Catheterization and device implantation technique

All patients received antibiotics 1 h before the procedure. The procedure was performed under 2% lidocaine local anesthesia for patients over 7 years of age, whereas general anesthesia with ketamine was used for patients under 7 years of age. Fluoroscopy was used to guide the device implantation only. The right femoral vein and artery were accessed, and heparin was administered according to the patient’s body weight (80-100 IU/kg). Right and left cardiac catheterization was performed to evaluate the pulmonary vascular resistance. Hemodynamic parameters, including pulmonary arterial, aortic, atrial, and ventricular pressures, were recorded. Oximetric values were measured in the cardiac chambers and vessels and used to calculate Qp/Qs. Angiography in a single plane (45°-60° left anterior oblique/10°-25° cranial view) was performed to define the location and size of the VSD. Figure 4 shows left ventricle angiography performed before and after the procedure.

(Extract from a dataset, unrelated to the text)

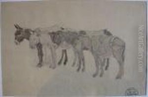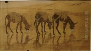 Trois Anes S'abreuvant Dans Un Oued

Angiography of the ascending aorta was also performed in a 50° left atrial oblique view to check for aortic regurgitation (AR).

Figure 4
Figure 4 Left ventricle angiography performed before and after the procedure. A: Left ventricle angiography before the procedure showed perimembranous ventricular septal defects, the diameter of left ventricular side was about 8 mm, and right ventricular side was multiple-outlet with a diameter of about 1.5-2.5 mm; B: Left ventricle angiography after the procedure; C: Angiography of the ascending aorta after the procedure showed that there was no aortic insufficiency.

The technique of PmVSD closure was described in detail elsewhere[9]. An appropriately sized device (> 1-3 mm based on the defect size determined by TTE or angiography) was selected. The device was released when its proper position was obtained (left ventriculography was performed to confirm the proper position of the occluder) and interference with the aortic and tricuspid valve had been excluded (TTE confirmed the absence of AR and TR).

Follow-up protocol

After the procedure, one dose of antibiotic therapy was administered intravenously to prevent infective endocarditis. Holter monitoring was performed for one day, followed by electrocardiography performed daily before discharge. Patients were typically discharged 5 d after the procedure. Aspirin (3-5 mg/kg daily) was administered to all patients for 6 mo after the procedure. Clinical examination, TTE, and chest X-ray were performed before discharge, 1, 3, 6, and 12 mo post-procedure, and yearly thereafter.

Data analysis

The data analyses were performed using SPSS version 19.0. Summary statistics for normally distributed quantitative variables are expressed as the mean ± SD. For non-normally distributed variables, we use median and interquartile range (IQR). Categorical data are summarized as count and percentages. The objective of this article was to present the early experience with the improved PDA occluder for the interventional treatment of PmVSD with abnormally attached tricuspid chordae tendineae in a single-arm, single-center study; therefore, statistical comparisons between groups were not performed.

RESULTS
Patient characteristics

From January 2012 to January 2016, 360 patients diagnosed with PmVSD received interventional therapy at our center. We performed a retrospective analysis of 20 patients with abnormally attached tricuspid chordae tendineae selected by TTE.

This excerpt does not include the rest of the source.